= Enric Palomar =

Catalan composer

Enric Palomar (Badalona-Barcelona 1964) is a Catalan composer.

He studied at the Barcelona Conservatory and completed his training under Benet Casablancas and Joan Albert Amargós. His piece Interludio Alegórico (tribute to Claude Debussy) received an honourable mention in the Xth Composition Awards organized by the Catalan Government. He has written numerous chamber works for different ensembles and soloists, including the operas Ruleta, with a libretto by Anna Maria Moix and Rafael Sender, premiered at Mercat de les Flors, Barcelona, in 1998 and Juana, based on the life of Juana I of Castile, with a libretto by Rebecca Simpson, premiered at Oper Halle, Germany, in 2005, and performed afterwards at the Teatre Romea, Barcelona, and Staatstheater Darmstadt, Germany.

The Opera House of Barcelona, the Gran Teatre del Liceu, commissioned him to compose La cabeza del Bautista, based on the play of the same name by Ramón Maria del Valle-Inclán. It will be premiered on 20 April 2009.
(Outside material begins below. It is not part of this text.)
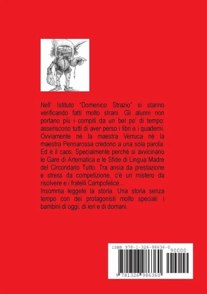 Nell'Istituto "Domenico Strazio" si stanno verificando fatti molto strani. Gli alunni non portano più i compiti da un bel po' di tempo: asseriscono tutti di aver perso i libri e i quaderni. Ovviamente né la maestra Verruca né la maestra Pennarossa credono a una sola parola. Ed è il caos. Specialmente perché si avvicinano le Gare di Artematica e le Sfide di Lingua Madre e Lingua Padre del Circondario Tutto. Tra ansia da prestazione e stress da competizione, c'è anche un mistero da risolvere e i fratelli Campofelice...Insomma leggete la storia. Una storia senza tempo con protagonisti molto speciali: i bambini di oggi, di ieri e di domani.

On 2011 he has premiered also his first Piano Concerto (with Iván Martín as piano soloist) and Beceroles (cantata) at the Auditori, Barcelona.

He is also involved in jazz and popular music, specially flamenco, areas in which he is active as a composer, arranger and music director. His works include Lorca al piano a gypsy suite for four pianos, percussion, voice (flamenco and opera) and dance, as well as his collaboration with the flamenco singer Miguel Poveda in Poemas del exilio for which he wrote the music to poems by Rafael Alberti. Poemas del exilio was awarded the City of Barcelona Prize.
He is currently the artistic director of the Taller de Musics.